Zeus looked up from the scroll in his hand, his massive frame filling the chair at his grand desk so fully that it almost seemed too small, like furniture for a child.
His gray eyes sparked. A shadow passed across his face, his lips flattening. “Ares, a thousand times I have told you—” His eyes traveled down to Ares’s hands. “Is that … blood?”
“Father,” Ares said, standing tall and strong and proud, chin in the air, the picture of pride. “Today, in Olympia, a crowd gathered, an angry mob. The Grecians—”

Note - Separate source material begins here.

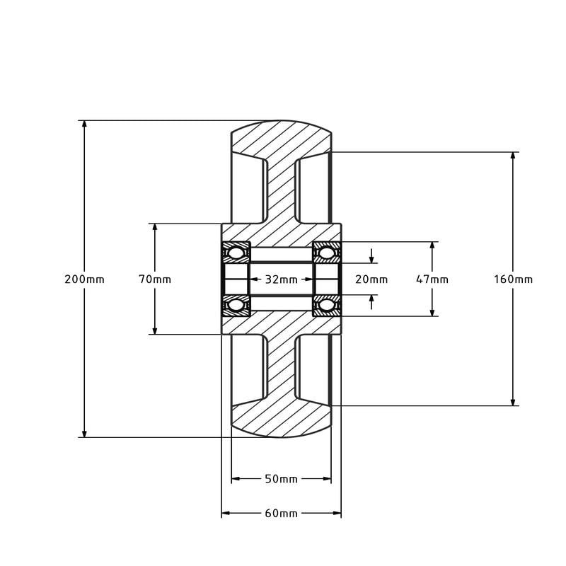 Nylon Rad 200 mm - Kugellagerbohrung 20 mm - 1000 kg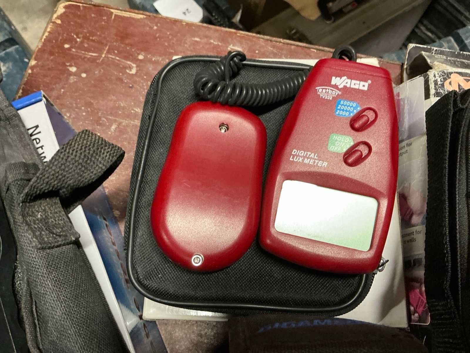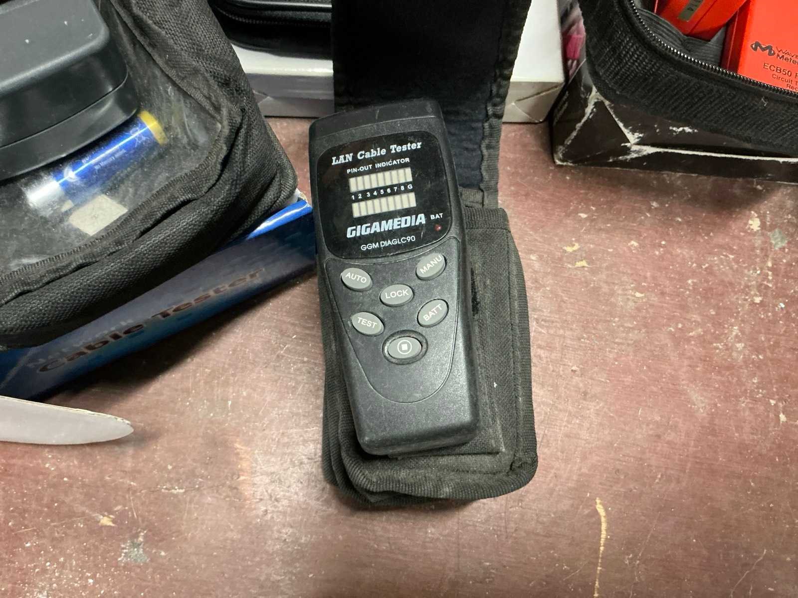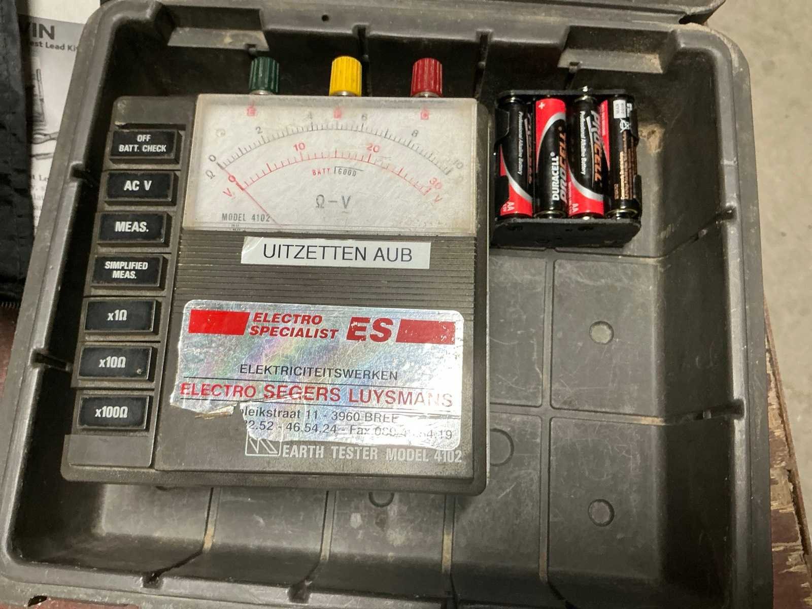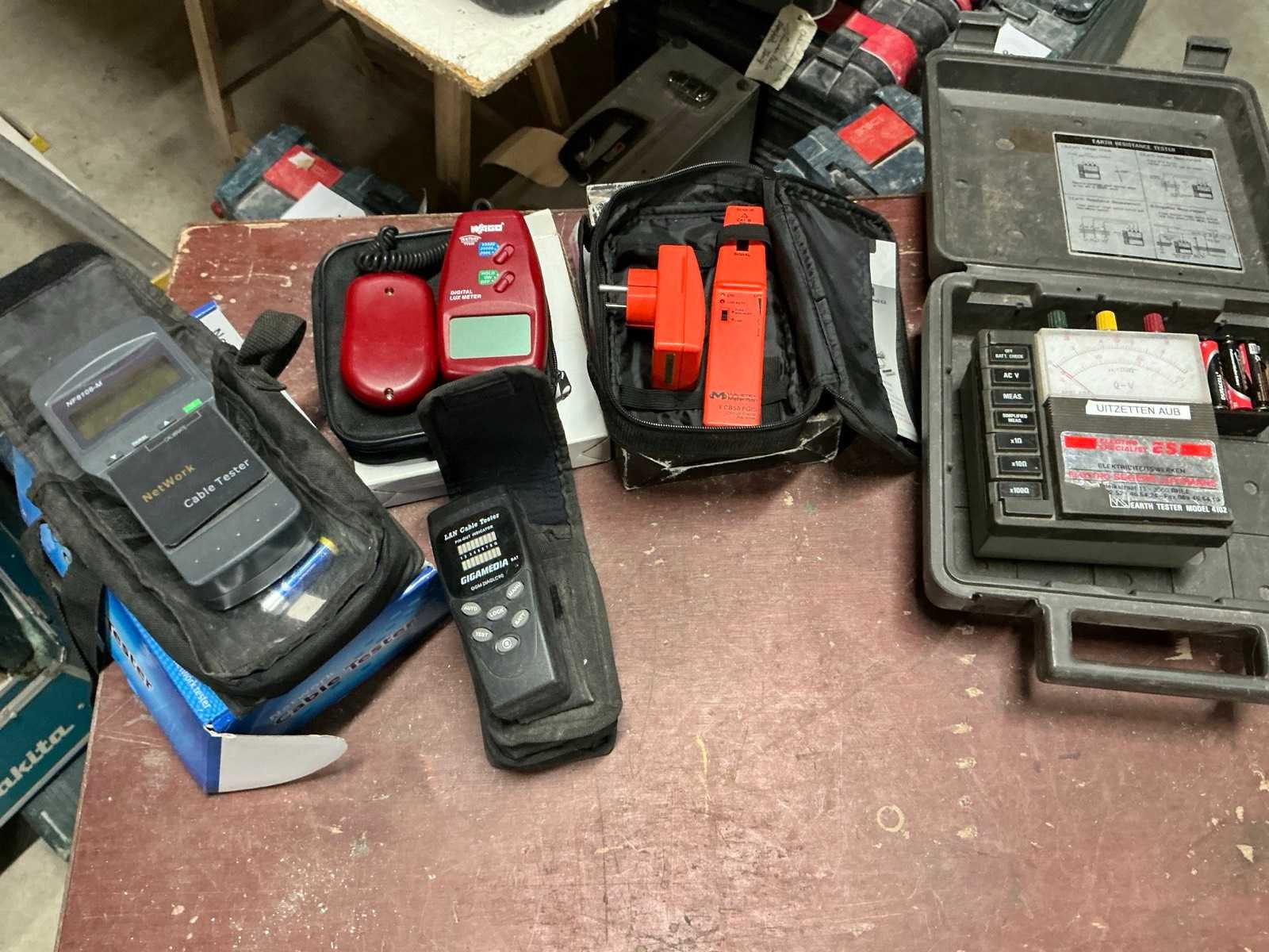 Earth tester 4102, Gigamedia LAN cable tester, NF8108-M Netwerk cable tester, Wago digitale lux meter, Wavetek Circuit tracer

Ares’s eyes snapped to Athena as she glided in from an antechamber, white robes flowing and nose in the air, moving to stand behind Zeus to watch Ares, assess him, calculate. A small, condescending smile played on her lips, and Ares scowled, unable to stop the flush from creeping up his neck.
Zeus set the scroll down with a pop. “Get on with it, boy.”
Ares turned his attention back to his father and puffed out his chest. “They defiled your statue, and so I passed judgment, a lesson to be learned by all — none shall desecrate the name of the King of Gods without payment in blood.”
“You what?” His voice boomed, and the room dimmed, filling with rolling thunder.
Ares’s smile fell. Athena’s widened.
“What have you done?” Zeus hissed. “Are they … you killed them?”
“Y-yes, Father.” Joy washed out of him and fear took its place. The heartbeats that had delivered the blood to his hands silenced.
“And you believed I would be pleased?” He stood, gray eyes storming.
Ares opened his mouth to speak as his father approached, but the words caught in his dusty throat.
Hera burst through an archway and onto the patio, emerald robes flying behind her like wings, her face wild. As she entered the room, she slowed to a brisk walk, smoothing her robes with shaking hands, painting on a placid smile to mask her distress. Her eyes betrayed her.